Apesar da discussão nos bastidores, os presidentes descartam a medida por enquanto. “É uma saída que poderia aliviar no curto prazo, mas afetaria nossa imagem. Precisamos ter crédito para contratar e manter parcerias. Não é uma solução para o Inter”, afirma Barcellos.

Transformar-se em SAF, como fizeram Botafogo, Cruzeiro, Bahia e Vasco, entre outros, também é uma alternativa concreta. Ainda há resistência de torcedores e conselheiros, mas o cenário está mudando. No Inter, Barcellos encomendou um estudo com uma assessoria internacional para mapear o modelo de negócios mais adequado ao clube — incluindo ou não a SAF. O trabalho ainda está em andamento e deve ser concluído até o final deste ano.

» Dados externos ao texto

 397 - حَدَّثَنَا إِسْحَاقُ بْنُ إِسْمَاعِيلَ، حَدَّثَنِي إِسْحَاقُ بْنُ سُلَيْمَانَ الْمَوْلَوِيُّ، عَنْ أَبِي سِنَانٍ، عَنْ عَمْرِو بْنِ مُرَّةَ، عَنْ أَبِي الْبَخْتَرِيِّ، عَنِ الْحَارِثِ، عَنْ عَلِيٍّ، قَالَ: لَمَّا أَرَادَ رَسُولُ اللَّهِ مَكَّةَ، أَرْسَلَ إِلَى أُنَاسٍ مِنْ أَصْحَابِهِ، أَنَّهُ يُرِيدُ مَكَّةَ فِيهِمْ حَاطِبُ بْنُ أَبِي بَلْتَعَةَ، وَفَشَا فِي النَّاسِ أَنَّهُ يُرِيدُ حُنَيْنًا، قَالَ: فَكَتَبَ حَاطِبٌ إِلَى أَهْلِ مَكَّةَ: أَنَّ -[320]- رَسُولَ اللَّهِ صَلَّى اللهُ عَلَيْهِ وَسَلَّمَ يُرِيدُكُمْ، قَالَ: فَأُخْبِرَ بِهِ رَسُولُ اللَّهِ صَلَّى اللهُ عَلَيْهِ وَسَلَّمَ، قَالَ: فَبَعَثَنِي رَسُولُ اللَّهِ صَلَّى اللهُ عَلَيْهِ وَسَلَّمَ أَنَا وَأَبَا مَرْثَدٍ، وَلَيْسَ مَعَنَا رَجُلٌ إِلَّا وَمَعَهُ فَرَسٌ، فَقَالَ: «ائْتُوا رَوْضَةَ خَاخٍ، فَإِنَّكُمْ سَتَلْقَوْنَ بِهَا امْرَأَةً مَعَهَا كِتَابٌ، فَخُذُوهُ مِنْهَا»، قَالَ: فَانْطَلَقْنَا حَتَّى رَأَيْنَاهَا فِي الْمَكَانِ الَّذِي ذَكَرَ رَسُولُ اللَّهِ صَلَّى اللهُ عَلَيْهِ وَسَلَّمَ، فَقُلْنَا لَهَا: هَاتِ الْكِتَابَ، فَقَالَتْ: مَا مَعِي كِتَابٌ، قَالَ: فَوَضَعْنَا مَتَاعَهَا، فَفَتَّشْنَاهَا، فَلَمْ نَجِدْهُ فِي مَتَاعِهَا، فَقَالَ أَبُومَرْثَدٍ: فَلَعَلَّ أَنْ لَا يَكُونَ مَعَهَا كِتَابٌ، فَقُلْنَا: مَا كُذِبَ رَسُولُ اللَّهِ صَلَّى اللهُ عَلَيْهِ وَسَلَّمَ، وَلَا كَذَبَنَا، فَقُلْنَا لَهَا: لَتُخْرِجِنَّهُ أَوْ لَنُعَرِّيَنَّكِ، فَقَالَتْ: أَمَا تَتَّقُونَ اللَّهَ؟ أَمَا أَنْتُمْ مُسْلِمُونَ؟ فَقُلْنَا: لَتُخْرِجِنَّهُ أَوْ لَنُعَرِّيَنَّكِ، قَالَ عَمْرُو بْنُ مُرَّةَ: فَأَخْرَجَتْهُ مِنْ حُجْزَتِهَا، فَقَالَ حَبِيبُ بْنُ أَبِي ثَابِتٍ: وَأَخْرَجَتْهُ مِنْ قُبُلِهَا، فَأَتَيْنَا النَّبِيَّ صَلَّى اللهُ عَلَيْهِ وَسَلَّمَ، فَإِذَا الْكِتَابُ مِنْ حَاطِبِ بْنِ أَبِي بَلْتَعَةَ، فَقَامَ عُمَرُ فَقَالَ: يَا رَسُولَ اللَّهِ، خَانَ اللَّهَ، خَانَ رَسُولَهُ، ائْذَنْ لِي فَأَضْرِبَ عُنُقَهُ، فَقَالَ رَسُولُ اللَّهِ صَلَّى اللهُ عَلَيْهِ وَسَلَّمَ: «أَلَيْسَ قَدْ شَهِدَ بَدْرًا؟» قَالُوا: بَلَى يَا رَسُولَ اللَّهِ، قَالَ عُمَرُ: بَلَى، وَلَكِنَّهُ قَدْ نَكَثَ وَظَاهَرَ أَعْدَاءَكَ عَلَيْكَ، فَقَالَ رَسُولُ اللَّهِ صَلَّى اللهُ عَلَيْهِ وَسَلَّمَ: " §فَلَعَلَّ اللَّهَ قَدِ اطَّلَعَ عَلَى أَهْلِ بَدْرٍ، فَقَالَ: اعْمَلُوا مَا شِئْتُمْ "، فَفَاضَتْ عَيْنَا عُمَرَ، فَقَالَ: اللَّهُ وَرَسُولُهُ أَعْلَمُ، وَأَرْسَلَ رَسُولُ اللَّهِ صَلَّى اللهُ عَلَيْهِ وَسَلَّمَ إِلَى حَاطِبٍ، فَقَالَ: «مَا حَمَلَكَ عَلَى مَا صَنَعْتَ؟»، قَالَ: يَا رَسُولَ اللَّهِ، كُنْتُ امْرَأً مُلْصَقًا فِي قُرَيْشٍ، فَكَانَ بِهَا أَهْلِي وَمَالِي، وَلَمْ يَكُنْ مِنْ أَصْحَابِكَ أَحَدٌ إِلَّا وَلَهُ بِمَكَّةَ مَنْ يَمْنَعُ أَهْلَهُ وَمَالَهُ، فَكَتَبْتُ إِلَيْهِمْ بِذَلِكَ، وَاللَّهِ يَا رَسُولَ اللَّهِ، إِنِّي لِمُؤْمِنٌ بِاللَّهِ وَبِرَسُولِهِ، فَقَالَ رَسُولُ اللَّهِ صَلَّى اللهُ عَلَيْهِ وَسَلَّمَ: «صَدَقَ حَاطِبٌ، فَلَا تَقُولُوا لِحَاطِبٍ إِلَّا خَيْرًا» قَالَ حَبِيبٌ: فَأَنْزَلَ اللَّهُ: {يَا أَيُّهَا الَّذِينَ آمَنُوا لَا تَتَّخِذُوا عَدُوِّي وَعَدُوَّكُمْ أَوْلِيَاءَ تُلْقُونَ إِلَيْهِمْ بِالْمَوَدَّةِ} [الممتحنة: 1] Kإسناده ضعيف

No Grêmio, Guerra já se posiciona publicamente a favor:

“Temos que voltar a ser vencedores, para disputar grandes competições e vender atletas por valores maiores. E, quando isso acontecer, não podemos desperdiçar a chance de retroalimentar o sistema. Tivemos essa chance em 2016 e 2017, mas não soubemos aproveitar. Depois, caímos, e tudo foi por água abaixo. O cenário é difícil. Me elegi contra a SAF e defendi isso por dois anos e meio. Mas hoje, sou favorável.”